In today’s post we are going to process the same data set with an Access Crosstab Query to give us a breakdown of average house sale price by property type and postcode area.  This will show us the differences in average house sale price according to where a property is located and the type of building it is (ie whether the property is detached, semi-detached, terraced, or a flat).  As we shall see, our crosstab query will restructure the dataset in such a way that property type and postcode values from the original table become row and column headings in the resulting new table.  Furthermore, the values produced in the new table are derived from an aggregated average of individual house sale amounts from the original.

Let’s consider what this means in practice.  The original table is comprised of rows which represent individual house sales with each column containing a specific piece of information about the sale.  Here is a sample of the 2,942 record dataset we downloaded and cleansed in the last blog post (see Using Access for Data Analysis).

Salford House Sales 2023
Figure 1: Sample from original dataset of house sales in Salford during 2023.
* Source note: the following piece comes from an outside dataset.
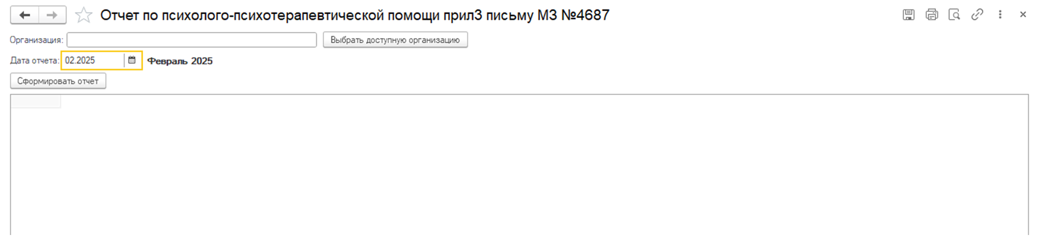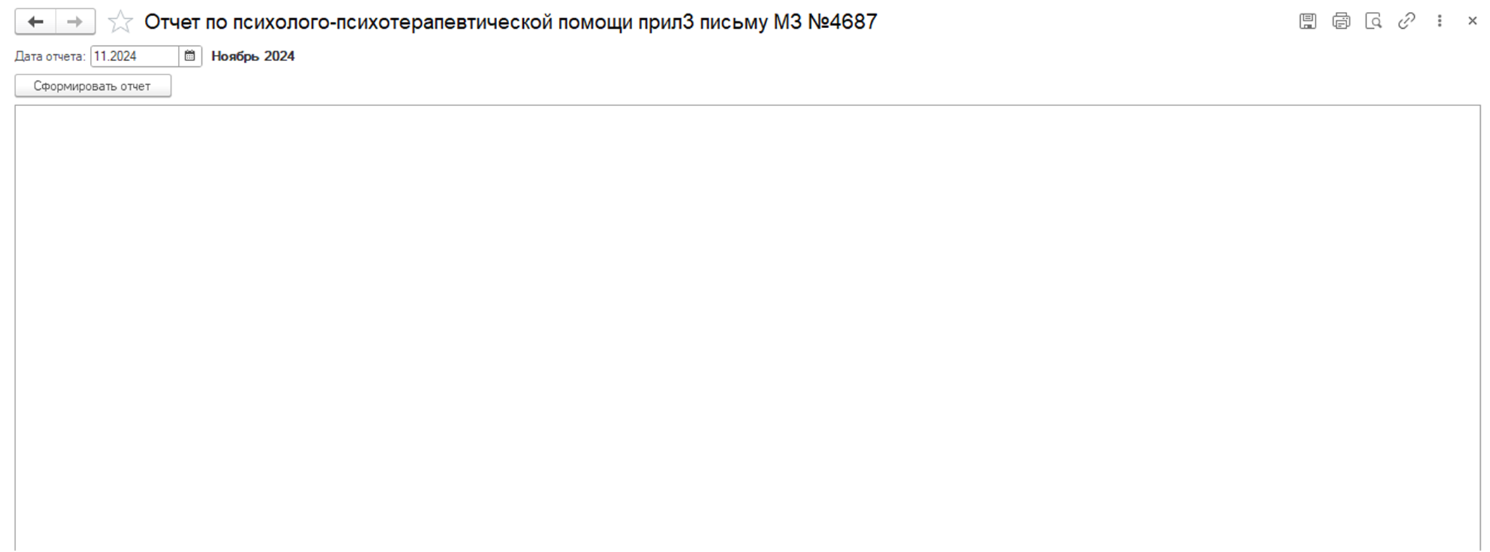 Рисунок 10 - Форма отчета «Отчет по психолого-психотерапевтической помощи прил3 письму МЗ №4687»

As we can see each house sale record has its own unique id, sale amount (price_paid), date (deed_date), postcode and property type. As stated above, we are going to create a crosstab query which will restructure the table so that each row represents a property type and each column a postcode area. Each value in the table is the average sale amount (ie price_paid) for all properties for the property type and postcode area of its particular row and column respectively.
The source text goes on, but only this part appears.